I have been trying to solve the following problem:

Let $X_1, \ldots $ be a sequence of random variables with $\sum_n \mathbb{E}|X_n| < \infty$. Show that $X:= \sum_n X_n$ exists almost surely and that $E(X) = \sum_n \mathbb{E}X_n$.

I am aware that a powerful tool at one's disposal in such cases is Kolmogorov's three series theorem, whose conditions can be easily checked for this problem, but this does not seem applicable here since independence is missing. If there is a direct argument that can handle this problem, could you please lend me your insights?

Thank you.

Answer 1

Recall that a random variable is a (measurable) function.

We are given

• a probability space $(\Omega, \mathcal{A}, \mu)$ (I know, probabilists tend to use $P$ for the probability measure, I use $\mu$.)
• a sequence $(X_n)$ of measurable functions on that probability space (probably real-valued, but it would work the same with complex-valued or $\mathbb{R}^d$-valued functions)
• and $Y := \sum_n \lvert X_n\rvert$ is integrable (that's what $\sum \mathbb{E}\lvert X_n\rvert < +\infty$ says).

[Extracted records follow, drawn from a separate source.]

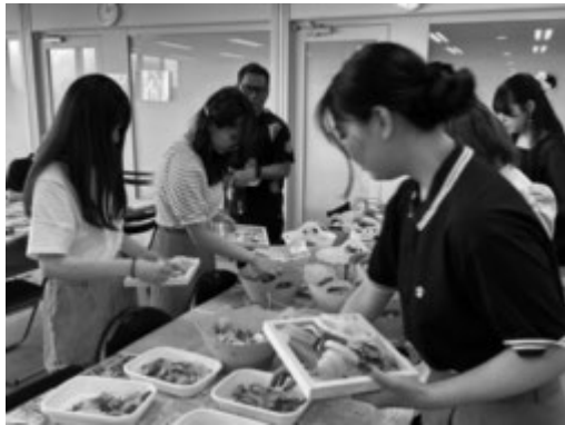
海岸で拾ったゴミでアート作品を体験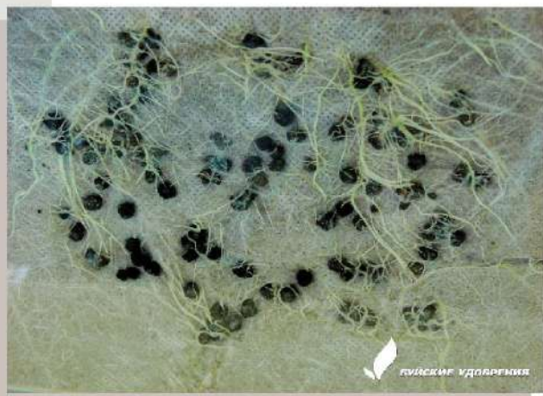
Фото 1. Развитая корневая система сформировалась вокруг гранул ОМУ. В их составе 35% - 55% минеральной составляющей.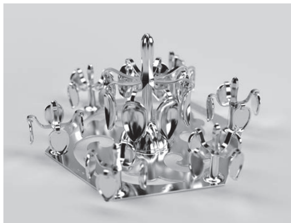
土坑から発見された馬具の一つ「金銅製歩揺付飾金具(雲珠)」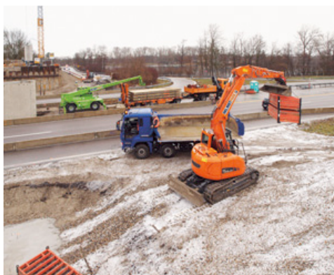
Zahlreiche Maschinen aus dem HKL MIETPARK sind beim Neubau einer A8-Überführung bei München aktiv.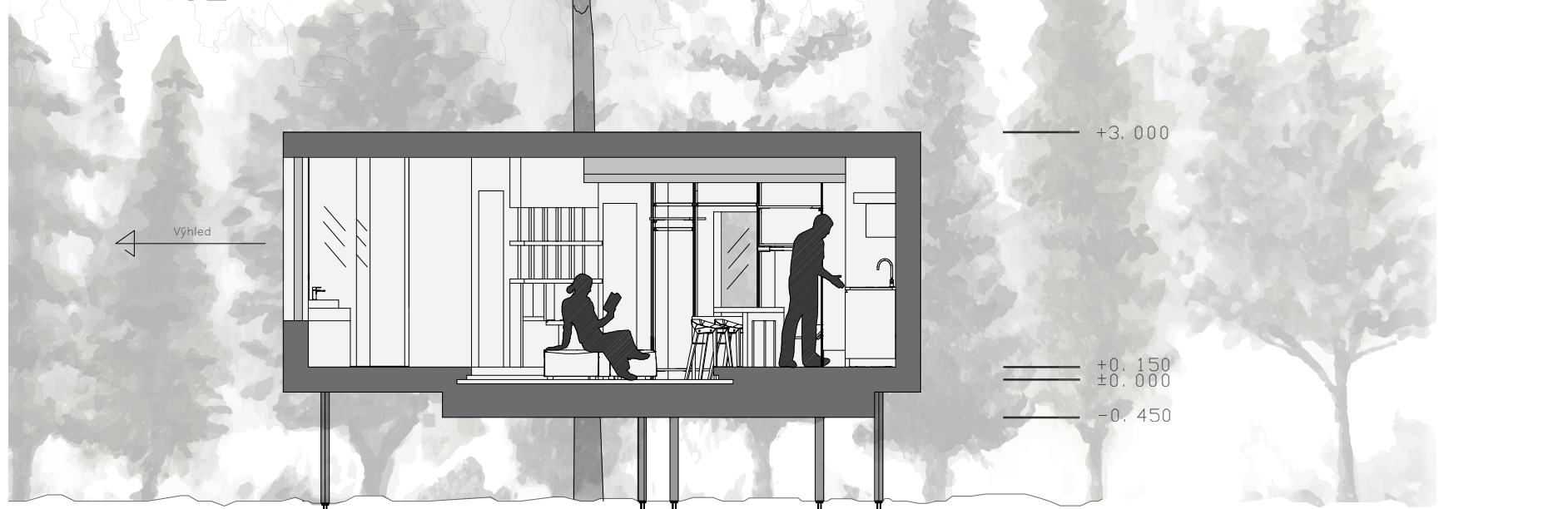
Řez A – A'

Since $Y$ is integrable, the set $$N := \biggl\{ \omega \in \Omega : \sum_{n = 1}^{\infty} \lvert X_n(\omega)\rvert = +\infty\biggr\}$$ is a $\mu$-null set.

On $\Omega \setminus N$ the series $\sum_{n = 1}^{\infty} X_n(\omega)$ converges absolutely. Defining $X$ arbitrarily on $N$ (assuming $\mu$ is a complete measure) we get another measurable function on $\Omega$, and since $\lvert X(\omega)\rvert \leqslant Y(\omega)$ for all $\omega \in \Omega$ it follows that $X \in L^1(\mu)$, and $$\mathbb{E}[X] = \int_{\Omega} X(\omega)\,d\mu = \int_{\Omega} \sum_{n = 1}^{\infty} X_n(\omega)\,d\mu = \sum_{n = 1}^{\infty} \int_{\Omega} X_n(\omega)\,d\mu = \sum_{n = 1}^{\infty} \mathbb{E}[X_n]$$ follows by the dominated convergence theorem.